The intention was that BLOCK works in the historical way. In historical systems, LOAD, LIST, THRU, and in fact everything that accesses blocks in any way used BLOCK and hence changed the block buffer cache. It has always been a usage requirement that you can't depend on holding pointers to previous calls to BLOCK "for long". To the extent that the standard fails to make all that explicit and misses some invalidation cases, it is an omission.
The committee didn't spend much time on BLOCK; it was seen as a "dead horse" and we had much to do on other fronts. So I'm not surprised that we missed some stuff. The new stuff was argued and nit-picked until we were exhausted, but the BLOCK stuff just sorta slid in with the expectation that anybody using it was already so familiar with it that they knew what to expect, and then it would die a gradual death.

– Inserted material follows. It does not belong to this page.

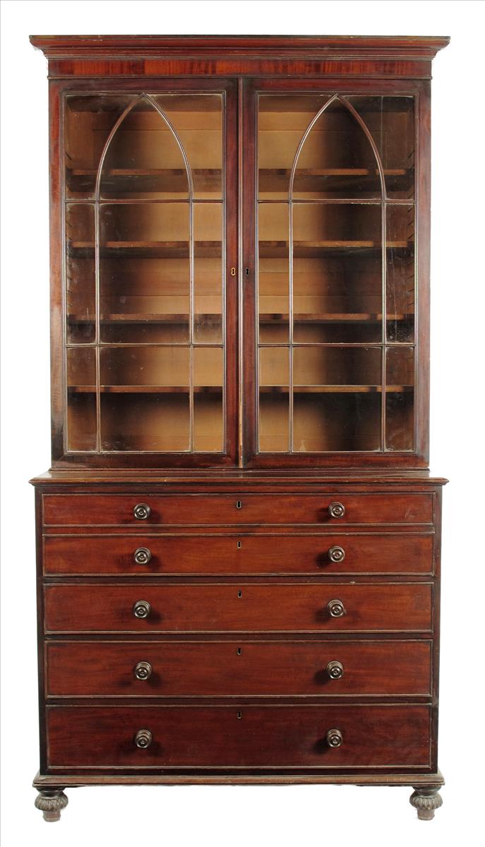 A William IV mahogany secretaire bookcase, by T. Wilson, London, the drawer with satinwood veneered drawers and pigeon holes, the front stamped 'T WILSON 68 GREAT QUEEN STREET LONDON', 89in (226cm) high, 48in (122cm) wide, 23in (58.5cm) deep.

Regarding the number of buffers: I don't recall ever having seen a system with only one block buffer. The need to copy one to another pretty much makes a one-buffer implementation impractical. The standard should make that explicit. Or better yet, get rid of BLOCK entirely, which was my preference during the initial deliberations. The "lifetime of a block pointer" issue is just too problematic for modern systems. (That said, I did actually use BLOCK as a factor inside some of my filesystem implementations - but it was a private implementation that was used only inside the filesystem, so the characteristics and usage patterns were controlled.)